24. By way of comparison, in Chen Wembo & 2 Others Vs IKK & Another (suing as the legal representatives and administrators of the estate of CRK (deceased) (2017) eKLR a global award of Kshs 600,000/- was made for a deceased aged 12 years meaning in the instant case an award of between Kshs. 900,000/- to Kshs. 1,000,000/- would be commensurate in the instant case as the deceased died at the age of 17 years. Such an age is a borderline to adulthood and it is proper to suppose that he was about to start eking a living for himself.
25. The respondent did not file a cross appeal and that their learned counsel only submitted on the quantum of general damages and did not raise any issue on the liability.
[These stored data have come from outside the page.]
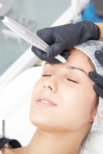beautiful young lady getting tattoo. professional tattooist making eyebrow make up
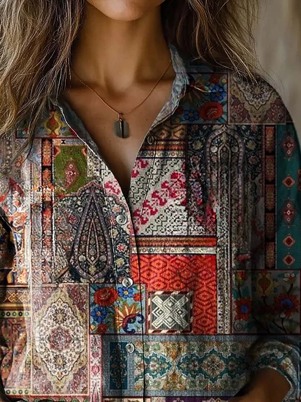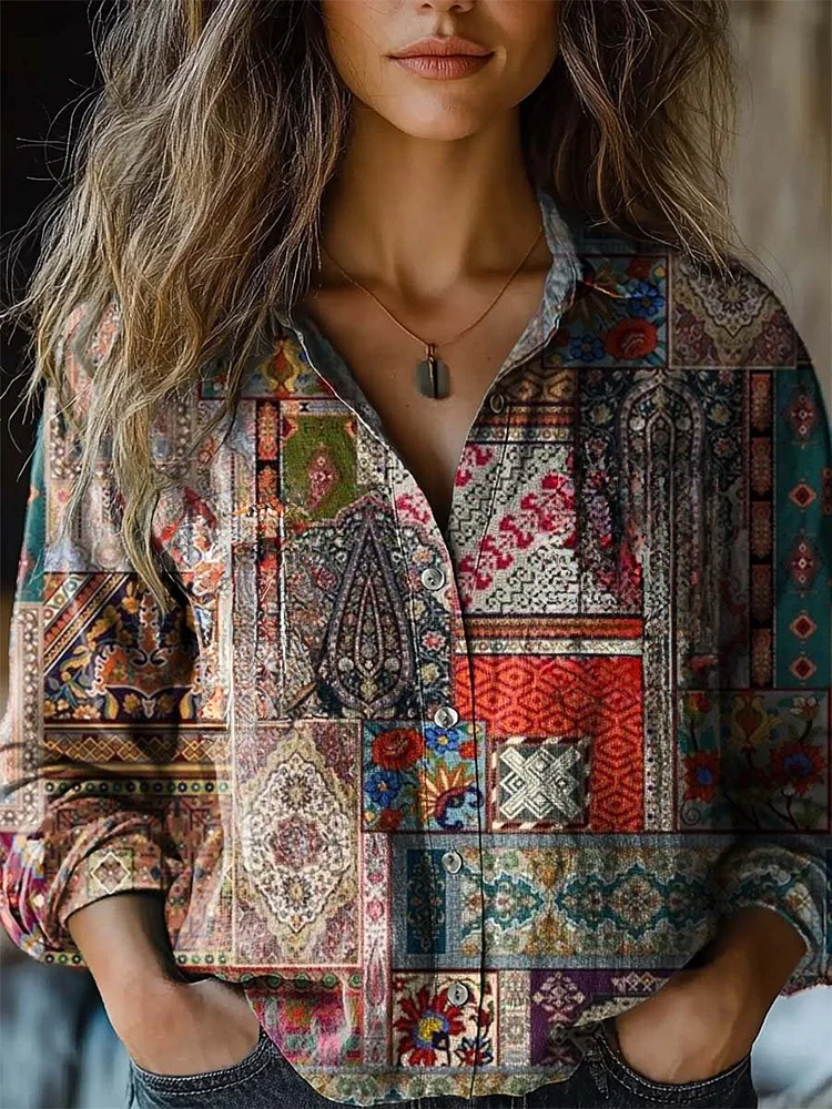 Women's Ethnic Art Floral Print Long Sleeve Shirt
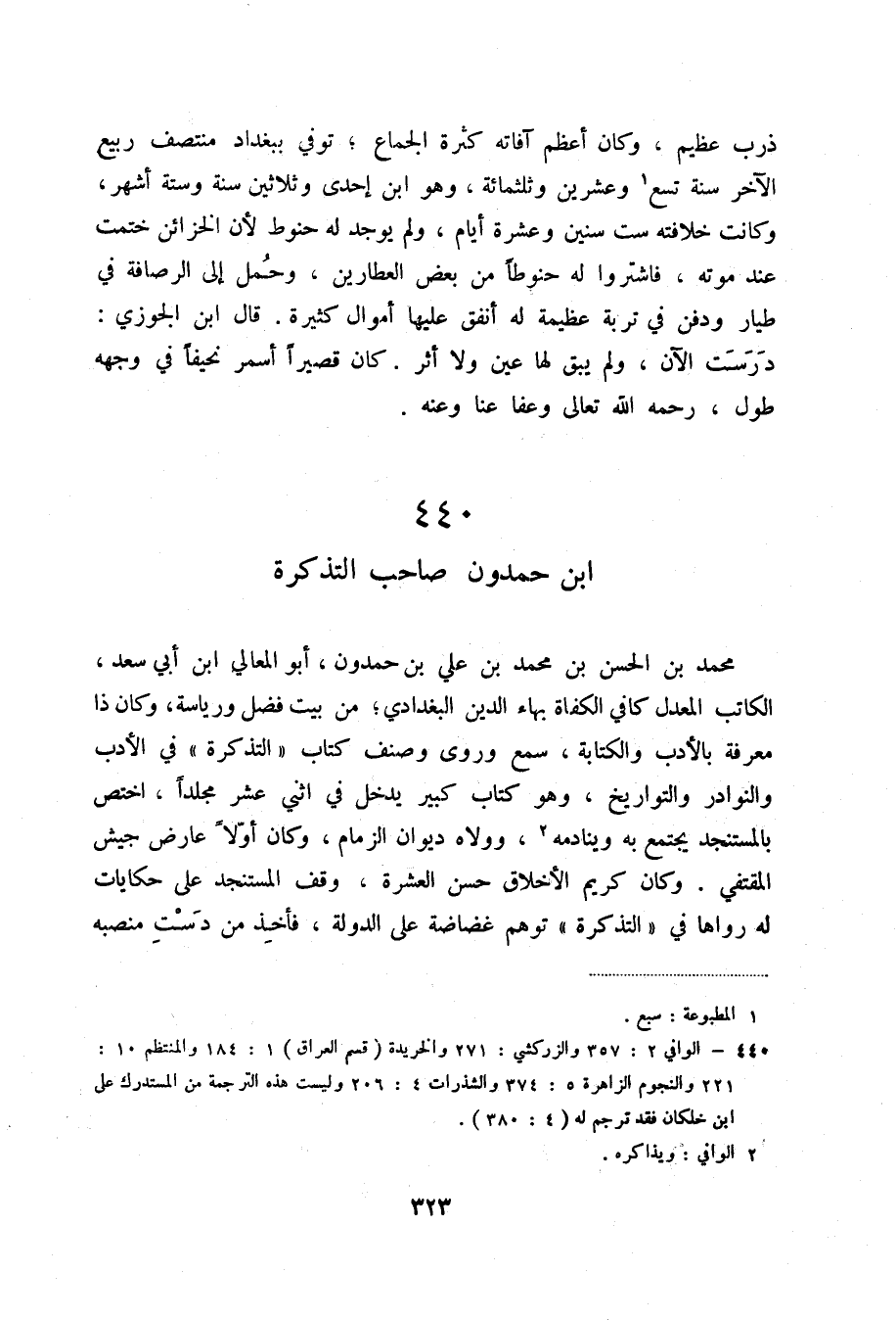 (2) الوافي 2: 357 والزركشي: 271 والخريدة (قسم العراق) 1: 184 والمنتظم 10: 221 والنجوم الزاهرة 5: 374 والشذرات 4: 206 وليست هذه الترجمة من المستدرك على ابن خلكان فقد ترجم له (4: 380) .

As the parties have concentrated only on the general damages under the Fatal Accidents Act I find that the other heads of damages and liability shall remain undisturbed.
26. The upshot is that the appeal succeeds. The lower court’s global award of Kshs 500,000/- as damages for loss on dependency is hereby set aside substituted with an award of Kshs 1,056,240/-. The rest of the amounts awarded remain undisturbed. The appellant is awarded the costs in this appeal and in the lower court.
It is so ordered.
Dated and delivered at Machakos this 8th day of May, 2020.